Pico de Orizaba Trip Report (#945)
- Signed By: Martin
- Date submitted: January 08, 2003
We got to the town Tlachichuca on Monday Dec 30. What a great little place. The people are very nice. We stayed at Gerardo's Hotel. Double or single rooms, with TV, shower and bathroom. Much better than staying at a barn like Sr. Reyes place, and for about the same price too. Drove to huts on Tuesday, Dec 31. Made our way to mid-camp on Wednesday (at 15,600ft). Got up at 1:30am on Thursday for summit. HERE IS THE IMPORTANT INFO: From the camps, head towards the Sarcofago to get just above it. From there stay to the right to get to the Espinoza de Oro route. We met many teams who took the Standard Rout and had to turn around due to hard and slick ice conditions. One of our team members placed orange flags, you can follow those.

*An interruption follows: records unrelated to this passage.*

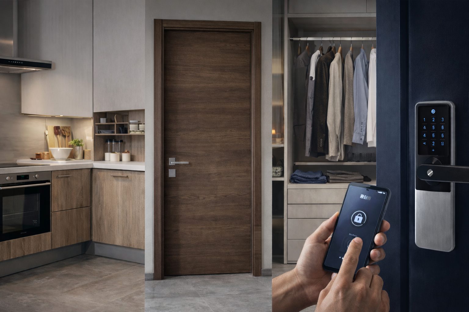 Que vous rénoviez une cuisine, modernisiez vos portes intérieures, optimisiez votre dressing ou passiez à une serrure connectée, nous vous proposons des solutions adaptées à votre espace et à votre budget.
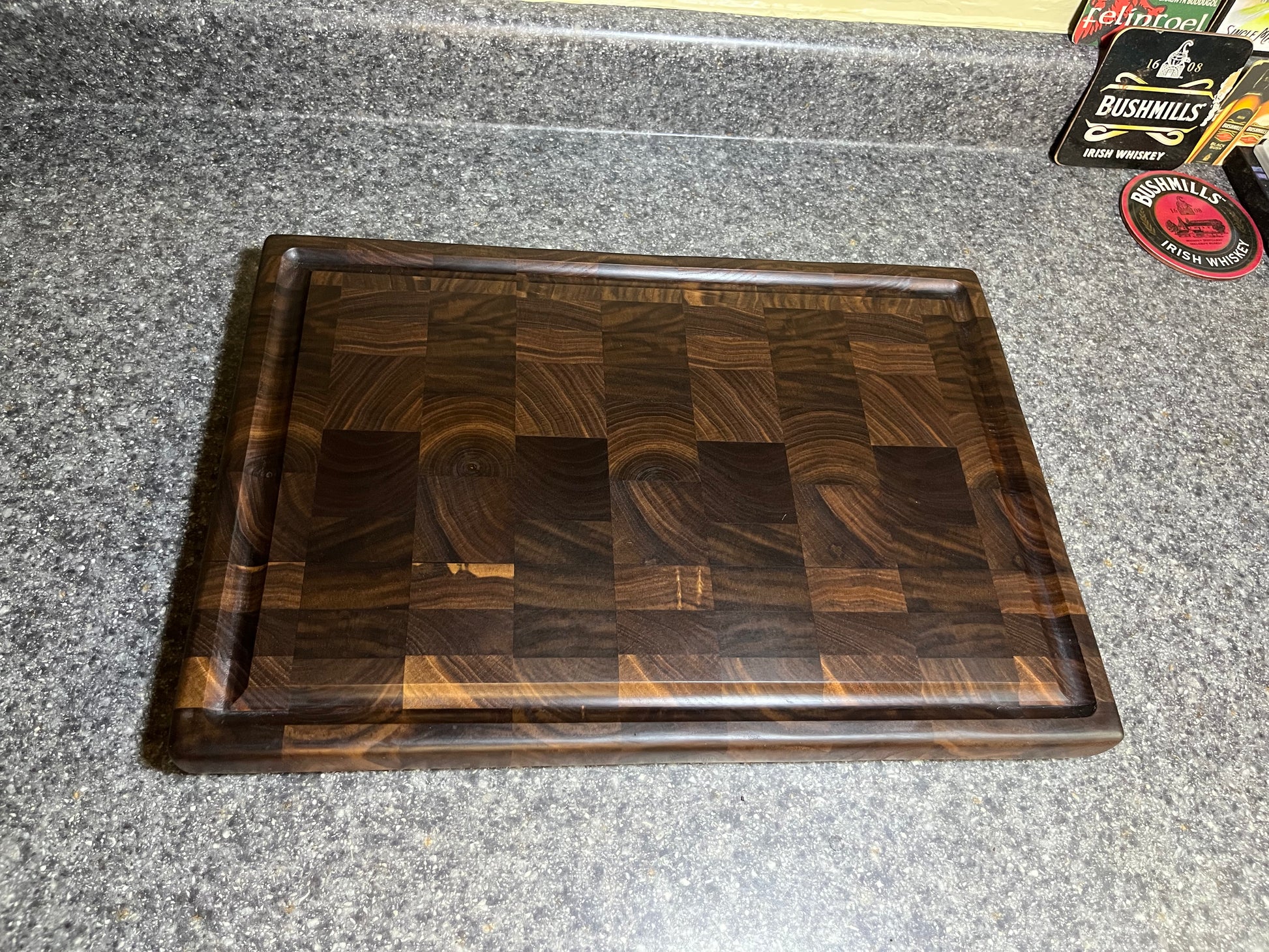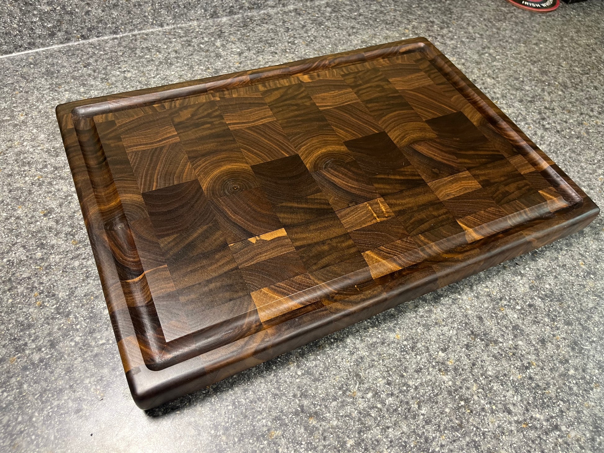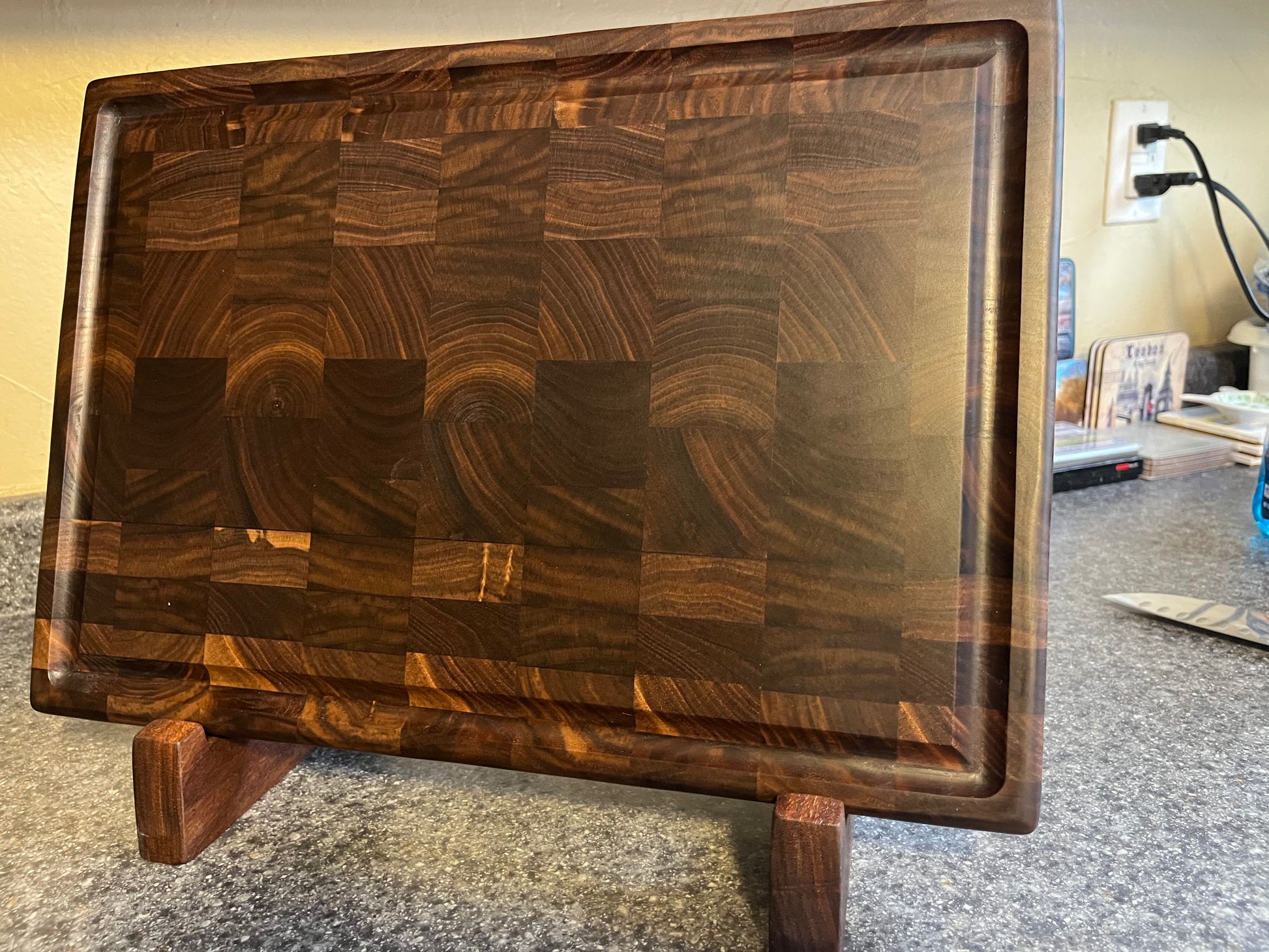 Walnut- End Grain Cutting Board w/juice groove– 16-¾" x 11-½" x 1-3/16"w/rubber feet
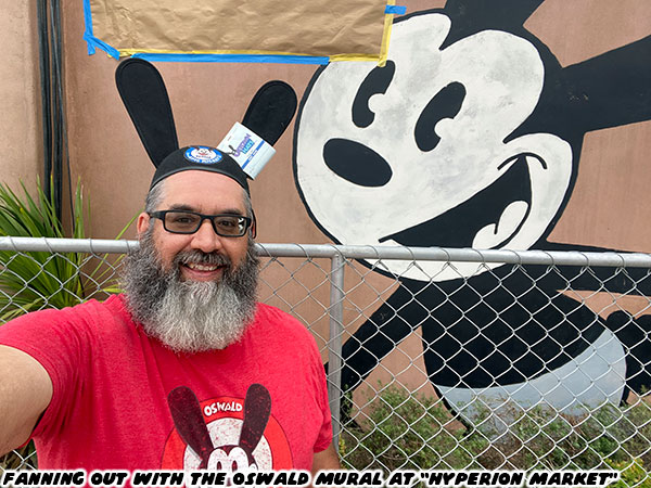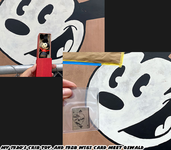 I know for a fact that Oswald’s luck brought him back home. The mural may have been freshly painted, however it was a way for me to reconnect with his past. Every time a new project was announced I made it a personal mission to get a timestamp. I needed a visual record of my oldest Oswald toy to go along with the good news. I did this at the Disney Interactive booth at the LA Convention Center in 2010 for the Epic Mickey premier at the E3. I did it again in 2015 at the Ace Hotel Theater when the LA Chamber Orchestra performed an original piece for the restored Proud Papa short. In 2025 I was still keeping the tradition alive. It may sound silly but I wanted Oswald to know that he would never be forgotten.
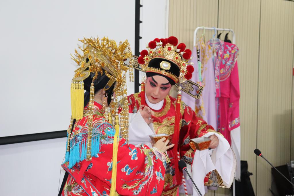 广东粤剧院的两位演员为现场师生生动演绎了粤剧中著名的折子戏《帝女花·香夭》,演员们婉转悠扬的唱腔、细致优雅的表演,让现场师生流连忘返,近距离地感受了粤剧悠久的文化魅力。
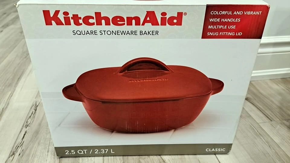 Beautiful red square baking dish with a lid from KitchenAid. It holds 2.5 qt. It's microwave and dishwasher safe. Oven safe up to 500F. Never used and in original box.
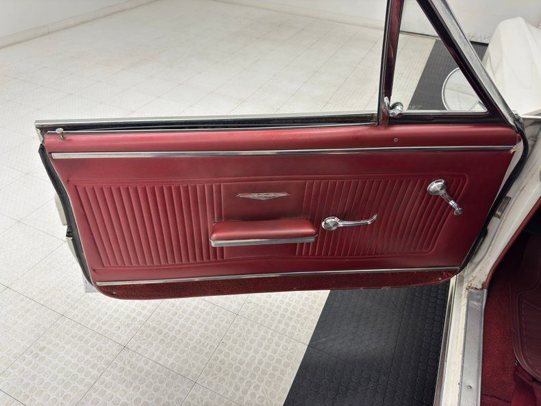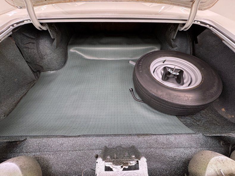 Red vinyl is the choice here and while it appears clean and intact on the door panels, the driver's seat is torn and compressed, and the passenger side has a tear. Conversely, the rear bench looks as if no one has been back there. Red covers the steering wheel and dash surround while wood veneer backs the instrument cluster fronted by the tachometer on the column and this wood shows some age. The AM radio and fan controls appear as they did in 1966 and a pair of more modern gauges are added under the dash to monitor oil and water. A Hurst shifter is offset in the center console to cater to the driver and look original while semi plush red carpet floods the floor, showing a touch of age and the headliner is in great shape, also red. The trunk is clean and contains a period plaid mat and spare tire.

The right hand path is easy to find, the way is paved like a sidewalk, the trail of ice is about an inch taller than the surrounding ice. We got to the top at 7:30am and were back to our mid-camp by noon. Rested, broke camp and were back at the huts by 2pm. Weather was perfect, and the ice conditions were great, and sleeping as high as we did was a smart move (more acclimatization, and shorter way to go on summit day). We did not rope up or carry any pro. Needless to say, you must use crampons and ice axe (you can use trekking poles until the ice starts to get steep).